Top of Data to process
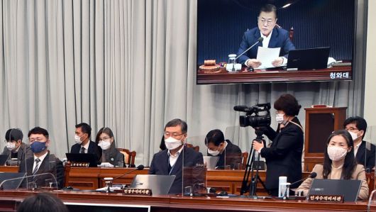 국무회의 참석한 신 수석 문재인 대통령이 지난 16일 청와대에서 열린 국무회의에서 모두발언을 하고 있는 가운데 사의를 표명한 신현수 청와대 민정수석(앞줄 가운데)이 회의장에 앉아 있다. 청와대사진기자단 |
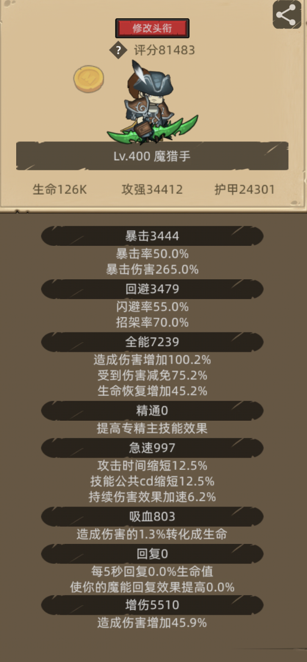 猎魔人专精定位:狩猎(半肉半输出)、箭术(输出)、魔人(输出)专精特性:1.低分挂机-狩猎(高闪避特性,缺少20%招架减伤,肉得不是很稳定)2.输出担当-箭术3.特效轰炸-魔人*挂机效率:箭术>魔人>狩猎随从选择:1.满圆桌女武神+船长/大王2.无氪金随从可以选择满圆桌至高王、满圆桌光明使者、女妖、不朽者或小狮子等组合注:“满圆桌
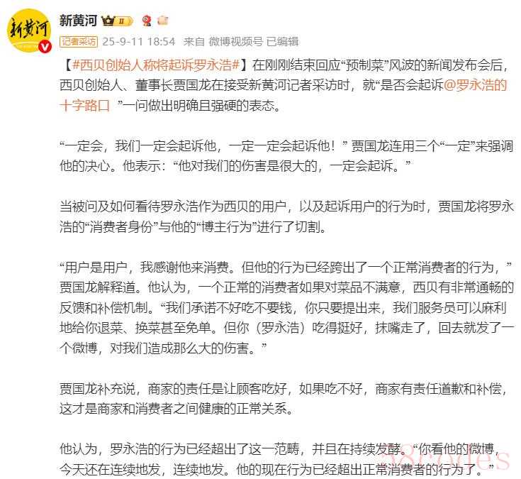贾国龙。图源:中国新闻周刊此外,贾国龙在接受新黄河记者采访时,就“是否会起诉罗永浩 ”一问做出明确且强硬的表态:“一定会,我们一定会起诉他,一定一定会起诉他!他对我们的伤害是很大的,一定会起诉。”当被问及如何看待罗永浩作为西贝的用户,以及起诉用户的行为时,贾国龙将罗永浩的“消费者身份”与他的“博主行为”进行了切割。“用户是用户,我感谢他来消费。但他的行为已经跨出了一个正常消费者的行为,”贾国龙解释道。他认为,一个正常的消费者如果对菜品不满意,西贝有非常通畅的反馈和补偿机制。“我们承诺不好吃不要钱,你只要提出来,我们服务员可以麻利地给你退菜、换菜甚至免单。但你(罗永浩)吃得挺好,抹嘴走了,回去就发了一个微博,对我们造成那么大的伤害。”贾国龙补充说,商家的责任是让顾客吃好,如果吃不好,商家有责任道歉和补偿,这才是商家和消费者之间健康的正常关系。他认为,罗永浩的行为已经超出了这一范畴,并且在持续发酵。“你看他的微博,今天还在连续地发,连续地发。他的现在行为已经超出正常消费者的行为了。”
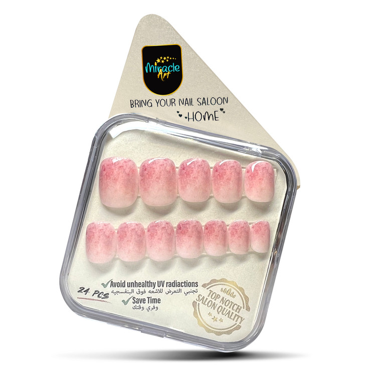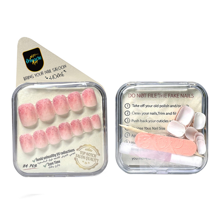 ناخن مصنوعی میراکل آرت، مدل کوتاه با طرح Misty Rose که در بسته 24 عددی عرضه گردیده است و ساخت کشور امارات میباشد. این ناخن کاشت موقت (ناخن مصنوعی) با طراحی های منحصر به فرد و زیبا که تمام آن کار دست میباشد یک محصول خاص است که یک سالن آرایشی کامل را به خانه زیباجویان می آورد. این محصول با مواد اکرلیک و ژلیش کاشت ناخن که دارای مقاومت و استحکام بسیار بالایی میباشند ساخته شده است. این محصول مناسب برای تمامی سایزهای ناخن میباشد، چرا که در بسته آن 24 عدد ناخن با سایزهای مختلف وجود دارد که مناسب برای هر فردی به طور اختصاصی است و به همین دلیل از سایز s تا xl را پشتیبانی میکند. این محصول یکبار مصرف نبوده و امکان استفاده چندین باره با رعایت اصول میسر می باشد. از مزایای این نوع ناخن مصنوعی سرعت بالا در انجام نصب و نیاز نداشتن به ترمیم میباشد. این مدل را میتوان در کمتر از چند دقیقه بر روی دست چسباند و یا جدا کرد. از دیگر ویژگی های این نوع ناخن مصنوعی بدون بو بودن، مواد اولیه غیر سمی و لبه های بسیار نازک و ظریف میباشد. افرادی که به تمیزی ناخن ها خود اهمیت میدهند و یا نیاز به ناخن موقت برای مراسم ها و جشن ها دارند و یا استفاده از لاک ناخن و کاشت دائمی برای آنها مقدور نمیباشد این محصول یک گزینه مناسب برای آنها میباشد. محتویات داخل جعبه این محصول شامل 24 عدد ناخن با سایزهای کاربردی، خلال چوبی مخصوص مانیکور، چسب مایع مخصوص، چسب استیکری دو طرفه و مینی سوهان ناخن میباشد. از ویژگی های این محصول میتوان به ظاهر بسیار طبیعی، قابلیت شستشو بودن، نصب و استفاده آسان در کمتر از چند دقیقه و قابلیت استفاده به دفعات بسیار اشاره کرد.
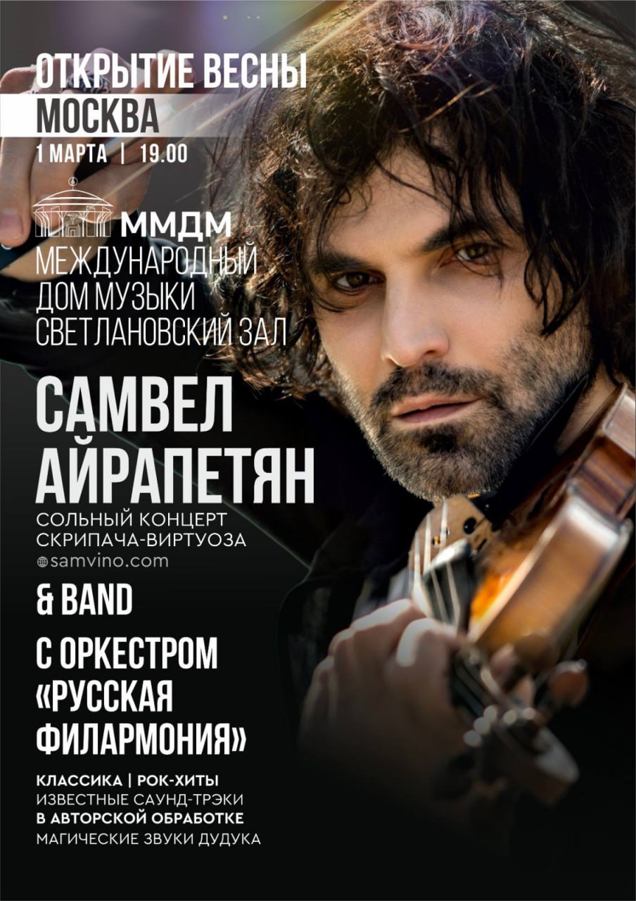 1 марта в 19:00 в Московском международном Доме музыки пройдет концерт скрипача-виртуоза Самвела Айрапетяна и его бэнда при участии оркестра «Русская филармония». Гостей ждет экспрессивное шоу, объединяющее классику и современное звучание.
Bottom of Data to process
## Work to complete
Write out the records above exactly. Begin with the first line, end with the line holding "贾国龙。图源:中国新闻周刊此", and drop the pictures.

## Written response
 국무회의 참석한 신 수석 문재인 대통령이 지난 16일 청와대에서 열린 국무회의에서 모두발언을 하고 있는 가운데 사의를 표명한 신현수 청와대 민정수석(앞줄 가운데)이 회의장에 앉아 있다. 청와대사진기자단 |
 猎魔人专精定位:狩猎(半肉半输出)、箭术(输出)、魔人(输出)专精特性:1.低分挂机-狩猎(高闪避特性,缺少20%招架减伤,肉得不是很稳定)2.输出担当-箭术3.特效轰炸-魔人*挂机效率:箭术>魔人>狩猎随从选择:1.满圆桌女武神+船长/大王2.无氪金随从可以选择满圆桌至高王、满圆桌光明使者、女妖、不朽者或小狮子等组合注:“满圆桌
贾国龙。图源:中国新闻周刊此外,贾国龙在接受新黄河记者采访时,就“是否会起诉罗永浩 ”一问做出明确且强硬的表态:“一定会,我们一定会起诉他,一定一定会起诉他!他对我们的伤害是很大的,一定会起诉。”当被问及如何看待罗永浩作为西贝的用户,以及起诉用户的行为时,贾国龙将罗永浩的“消费者身份”与他的“博主行为”进行了切割。“用户是用户,我感谢他来消费。但他的行为已经跨出了一个正常消费者的行为,”贾国龙解释道。他认为,一个正常的消费者如果对菜品不满意,西贝有非常通畅的反馈和补偿机制。“我们承诺不好吃不要钱,你只要提出来,我们服务员可以麻利地给你退菜、换菜甚至免单。但你(罗永浩)吃得挺好,抹嘴走了,回去就发了一个微博,对我们造成那么大的伤害。”贾国龙补充说,商家的责任是让顾客吃好,如果吃不好,商家有责任道歉和补偿,这才是商家和消费者之间健康的正常关系。他认为,罗永浩的行为已经超出了这一范畴,并且在持续发酵。“你看他的微博,今天还在连续地发,连续地发。他的现在行为已经超出正常消费者的行为了。”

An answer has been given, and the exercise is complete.